Glen Echo turned into a small corner of hell.
The infiltrators, K'Ronarin crew and Terran infantry, were blasting away at preselected targets, taking out S'Cotar weapons positions, warriors and the occasional innocent pushcart.
Stunned for an instant, the S'Cotar blasted back, azure beams crisscrossing with the red, turning the midway into a deadly net of energy beams.
Illusion faded as the transmutes fought for their lives. Shimmering, the bright red Ferris wheel with its gaily colored lights imploded into a ball of primary colors that burst outward, then contracted into a compact gray shape—a shape Sutherland recognized.

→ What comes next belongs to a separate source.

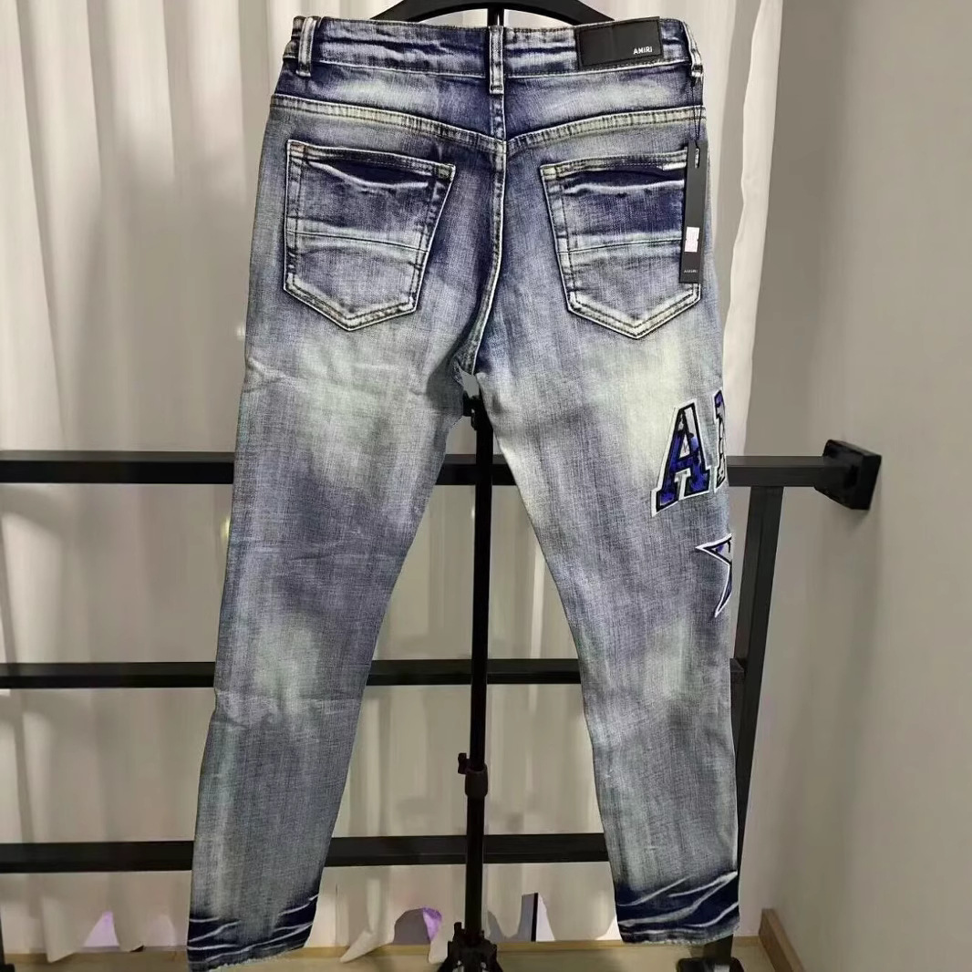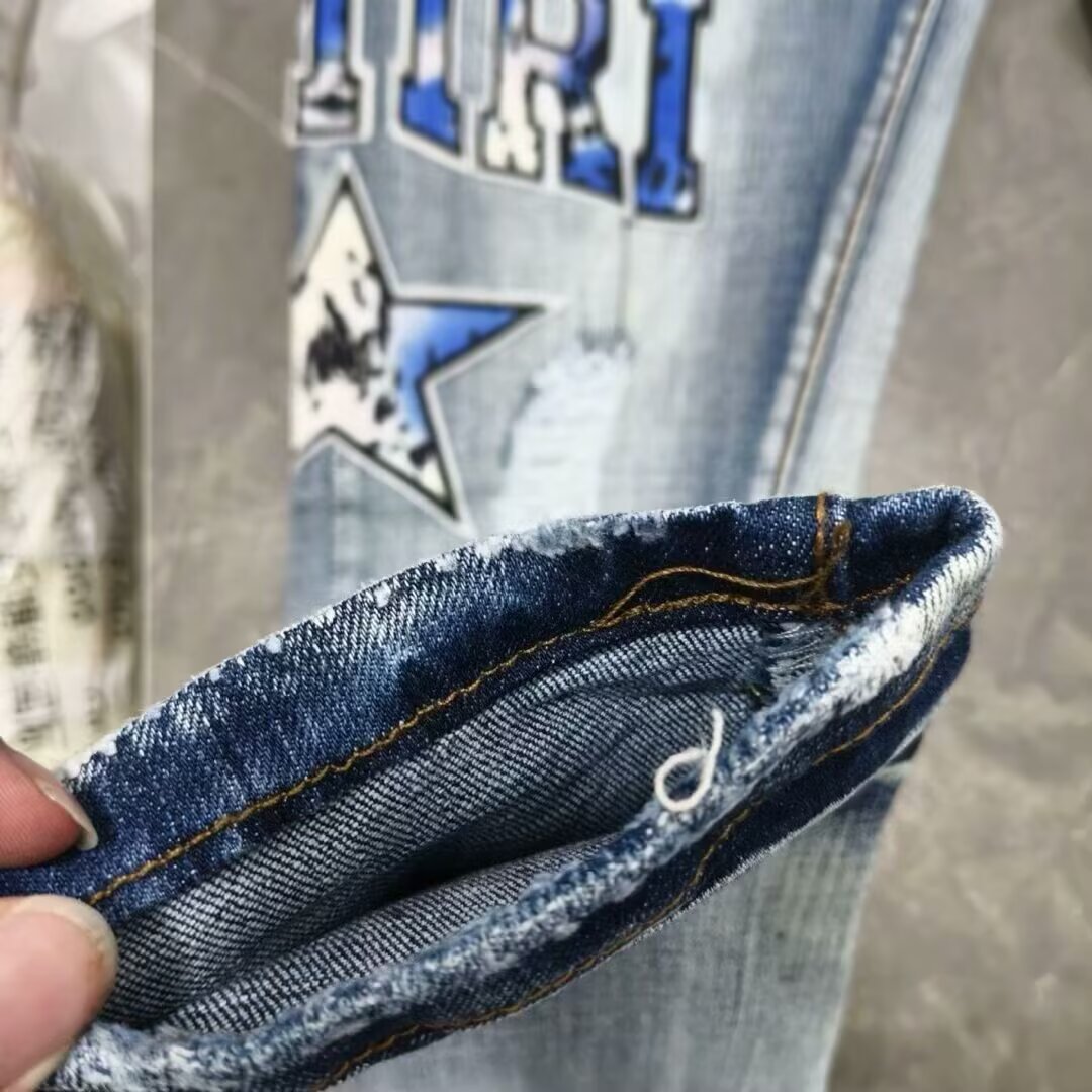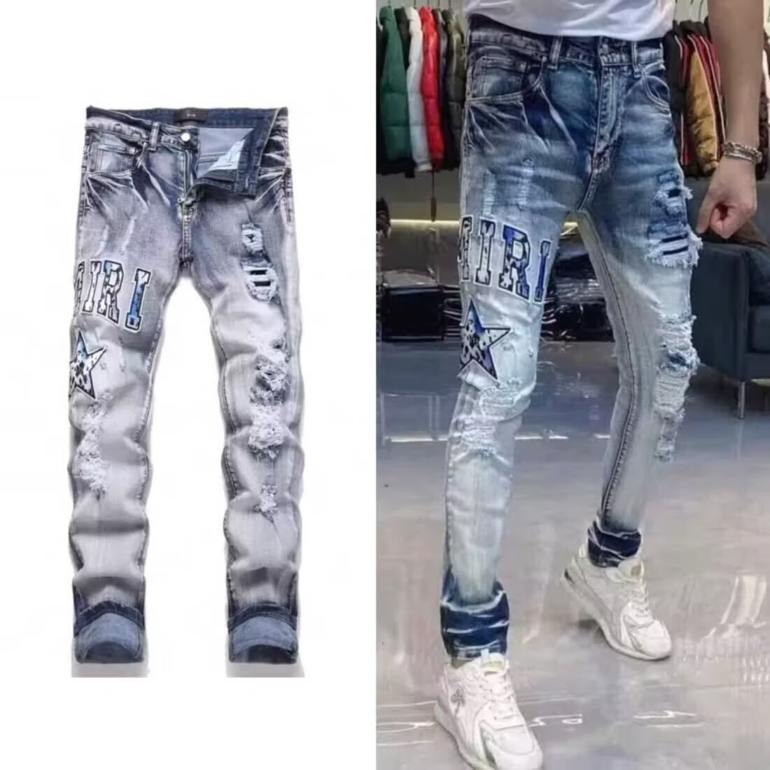 크로스보더 유럽 및 미국 하이스트리트 AMIRI 트렌디 브랜드 펑크 스타일 찢어진 패치 자수 슬림핏 신축성 있는 남성용 청바지스토어 가기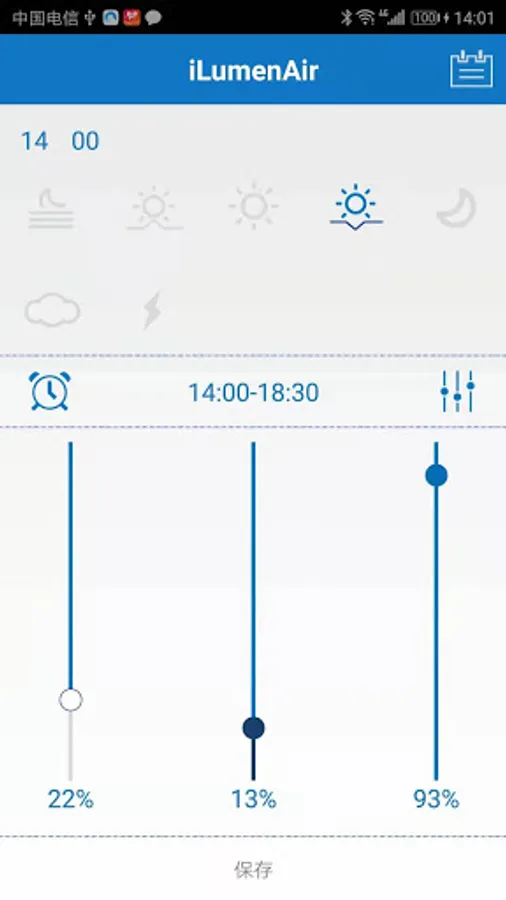 - Free adjusting light effect in five timers: dawn, sunrise, daytime, sunset and nighttime. Enable automatic cycle of light shift in a day.

"Fusion cannon!" he cried, staring wide-eyed out the plexiglass cockpit of the third helicopter. Green figures scuttled around the weapon, its great ugly snout now only a few hundred yards away, locking onto the lead chopper.
"Colonel Griswold," Sutherland called over the radio, "get 'em down now! Don't try for your primary LZ!"
The bulky troop carriers were still eighty yards up, making for the parking lot, when the cannon shrilled. A thick cobalt-blue fusion beam shot out, turning the lead chopper into a fiery ochre ball that hurled blackened bits of men and machine to earth.
The explosion was still echoing out over the Potomac when a second beam detonated another chopper.
Fifty yards above the parking lot, Sutherland saw the cannon lock onto his chopper.
"Shit," said the pilot, pulling the aircraft hard right.
Swooping in and over, the two escorting Apache gun-ships rocketed the cannon. The salvo went wide, small geysers of flame and dirt bursting around the S'Cotar position.
The cannon shrilled again, dissolving the tail rotor of Sutherland's chopper, then tracked right, firing short blue bursts. The Apaches exploded almost together, two flaming spheres touching as they dissolved into a rain of molten debris.
The earth rushed toward Sutherland, slamming him against a bulkhead. Blackness.
* * * *
What was left of the real Ferris wheel lay between the midway and the cannon—only the motor housing itself, the motor and superstructure long since sold for scrap. Crawling low, McShane reached it just as the gunships were hit. He threw himself flat, hands over his head as flaming metal showered the area. As it ended, he peered cautiously over the rusting metal.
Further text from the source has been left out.